The five dimensions of impact provide the answer. Developed by the Impact Management Project (IMP), these five dimensions — What, Who, How Much, Contribution, and Risk — give every organization a universal structure for defining, measuring, and communicating genuine impact on stakeholders.
This article explains each dimension, shows why most organizations only measure two or three of the five, and demonstrates how AI-native analysis makes all five dimensions operationally practical for the first time.
Organizations spend 80% of their time cleaning data instead of analyzing it. Most use only 5% of available context for decisions. And while 76% of nonprofits say impact measurement is a priority, only 29% do it effectively.
The problem is not the framework.
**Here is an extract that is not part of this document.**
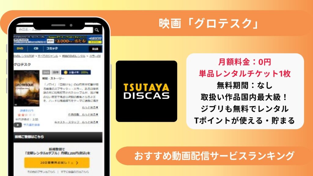 知りたいことまでジャンプ 映画「グロテスク」の動画を無料で見れるサブスクは?→TSUTAYADISCASの無料DVDレンタルあり 映画「グロテスク」はAmazonプライムビデオ・Netflixで配信はある?→配信なし 映画「グロテスク」の配信動画を違法サイトで見るのは危... -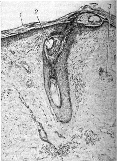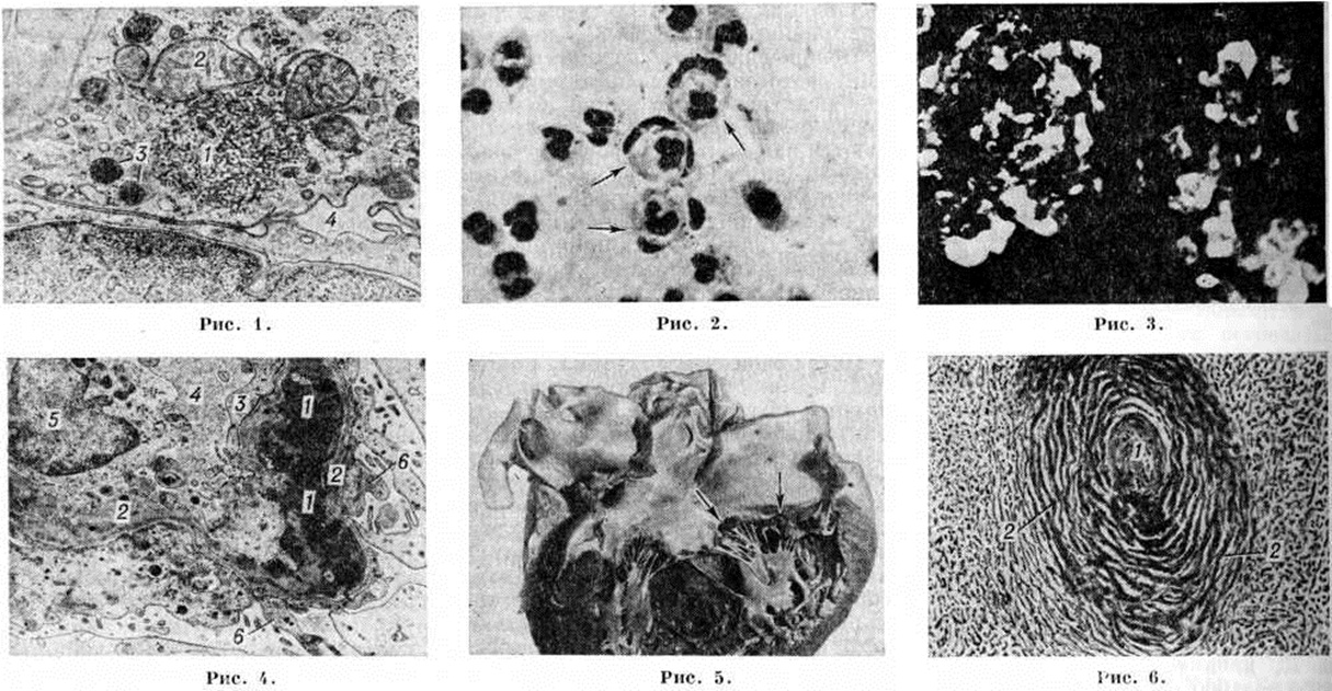 Этиология не выяснена, однако гипотеза о роли хронический персистирующей вирусной инфекции получила развитие в связи с обнаружением при электронной микроскопии в поражённых органах (коже, почках, синовиальной оболочке) тубулоретикулярных структур, расположенных в цитоплазме эндотелиальных клеток, а также в лимфоцитах и тромбоцитах периферической крови, которые напоминали нуклеопротеид парамиксовирусов. При системной Красная волчанка были также обнаружены в высоких титрах циркулирующие антитела к вирусам кори, краснухи, парагриппу и другим РНК-вирусам из группы парамиксовирусов. У больных и их родственников выявлены лимфоцитотоксические антитела, являющиеся маркерами персистирующей вирусной инфекции, а, кроме того, в этих же группах и у медперсонала, работающего с больными,— антитела к двуспиральной (вирусной) РНК. В связи с вирусной этиологией системной К. в% обсуждаются такие феномены, как гибридизация генома коревого вируса с ДНК клеток поражённых органов (селезёнки, почек), обнаружение антигенов онкорнавирусов типа С во фракциях селезёнки, плаценты и почки. Гипотеза о значимости хронический вирусной инфекции при системной Красная волчанка базируется также на изучении болезни новозеландских мышей, у которых роль онкорнавируса типа С доказана. Непереносимость лекарств, вакцин, фотосенсибилизация, становление менструального цикла, беременность, роды, аборты и другие рассматриваются как факторы, провоцирующие болезнь или её обострение; они имеют значение для профилактики и своевременной диагностики, поскольку связь начала или обострений болезни с этими факторами более характерна для системной Красная волчанка, чем для других близких болезней. Патологическая анатомия. Системная Красная волчанка, будучи представителем группы коллагеновых болезней, характеризуется генерализованным распространением патологический процесса, охватывающего все органы и системы, что обусловливает клинико-анатомический полиморфизм заболевания. Генерализация вызвана циркуляцией в крови иммунных комплексов, повреждающих сосуды микроциркуляторного русла, следствием чего является системная прогрессирующая дезорганизация соединительной ткани. Иммунопатологические реакции подтверждаются усилением функции органов иммуногенеза, преципитацией в стенках сосудов и в поражённых тканях иммунных комплексов с появлением иммунокомпетентпых клеток (смотри полный свод знаний). Повреждение сосудов микроциркуляции проявляется распространёнными васкулитами деструктивного или пролиферативного характера (смотри полный свод знаний Васкулит). В эндотелии капилляров электронномикроскопически выявляют своеобразные тубулярные образования (рисунок 1), похожие на рибонуклеопротеид парамиксовируса и, возможно, играющие этиологического роль. Специфику тканевых реакций при системной Красная волчанка обусловливают признаки патологии клеточных ядер: базофилия фибриноида, кариорексис, гематоксилиновые тельца, LE клетки, центральный хроматолиз. Базофилия фибриноида обусловлена примесью кислых продуктов ядерного распада. Гематоксилиновые тельца, описанные в 1932 год Л. Гроссом, представляют собой набухшие ядра погибших клеток с лизированным хроматином. LE-клетки, или клетки красной волчанки,— это зрелые нейтрофилы, цитоплазма котор

The IMP five dimensions are conceptually clear. The problem is that most organizations adopt the five dimensions as a reporting taxonomy — a way to organize their annual report — without connecting them to actual data collection instruments and analysis workflows.
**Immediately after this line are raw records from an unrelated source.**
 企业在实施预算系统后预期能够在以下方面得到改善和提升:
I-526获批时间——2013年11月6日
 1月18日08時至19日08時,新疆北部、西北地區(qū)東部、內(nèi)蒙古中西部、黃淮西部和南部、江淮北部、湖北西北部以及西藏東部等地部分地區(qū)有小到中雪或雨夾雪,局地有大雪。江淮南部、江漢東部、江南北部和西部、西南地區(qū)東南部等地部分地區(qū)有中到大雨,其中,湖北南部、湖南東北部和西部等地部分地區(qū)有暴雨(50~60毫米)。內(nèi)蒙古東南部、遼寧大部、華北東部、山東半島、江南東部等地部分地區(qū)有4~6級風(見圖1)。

The result is a predictable pattern: collect outputs, skip Contribution and Risk entirely because they require qualitative evidence nobody has time to code manually, produce an annual report that arrives too late to inform decisions, and call it "impact measurement."
Three structural flaws drive this failure. First, frameworks without data architecture produce compliance theater — organizations can name all five dimensions but cannot operationalize them. Second, manual coding of qualitative evidence is impossible at scale, which means the two most important dimensions (Contribution and Risk) get skipped. Third, annual reporting cycles deliver insights after programs have already moved on, so the evidence never reaches decision-makers while there is still time to act.
The five dimensions of impact are a classification system created by the Impact Management Project that organizes impact evidence into five questions every organization must answer. Together they transform vague impact claims into structured, comparable, and decision-useful evidence.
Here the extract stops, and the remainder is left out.